Curious Holiday List time

As I did when first introducing this cute little idea-book years ago, I’ll share one of the list titles from the book and the content I came up with. Then, You let me know in the comment section what Your lists would look like.

I opened the book to page 109 and then chose the upper-right title, from the chapter “Lists for Holidays”.

I really have no clue what words might actually be uttered at a Shakespeare Society holiday party, but the below were the quotes I thought of when associating Shakespeare and the holiday season.

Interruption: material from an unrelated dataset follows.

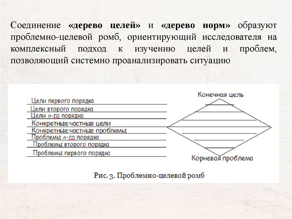 Соединение «дерево целей» и «дерево норм» образуютпроблемно-целевой ромб, ориентирующий исследователя на

Quotes uttered at a ‘Shakespeare Society’ Holiday Party:

  • At Christmas I no more desire a rose
    Than wish a snow in May’s new-fangled mirth;
    ~Love’s Labours Lost (Act 1, Scene 1)
  • I see the trick on’t: here was a consent,
    Knowing aforehand of our merriment,
    To dash it like a Christmas comedy:
    Some carry-tale, some please-man, some slight zany,
    ~Love’s Labours Lost (Act Five, Scene 2)
  • SLY. Marry, I will; let them play it. Is not a comonty a Christmas gambold or a tumbling-trick?
    PAGE. No, my good lord, it is more pleasing stuff.
    ~The Taming of the Shrew (Intro, scene 2)
  • Have I lived to be carried in a basket, like a
    barrow of butcher’s offal, and to be thrown in the
    Thames? Well, if I be served such another trick,
    I’ll have my brains ta’en out and buttered, and give
    them to a dog for a new-year’s gift…
    ~Merry Wives of Windsor (Act 3, Scene 5)

Our modern conception of Christmas is more tied to “A Christmas Carol”, by Charles Dickens rather than Shakespeare.

Back in the court of Elizabeth I, Christmas and New Year weren’t celebrated as we do today.
Christmas was popularized in England when Queen Victoria and Prince Albert started following many of the German Christmas traditions about 200 years after the death of Shakespeare.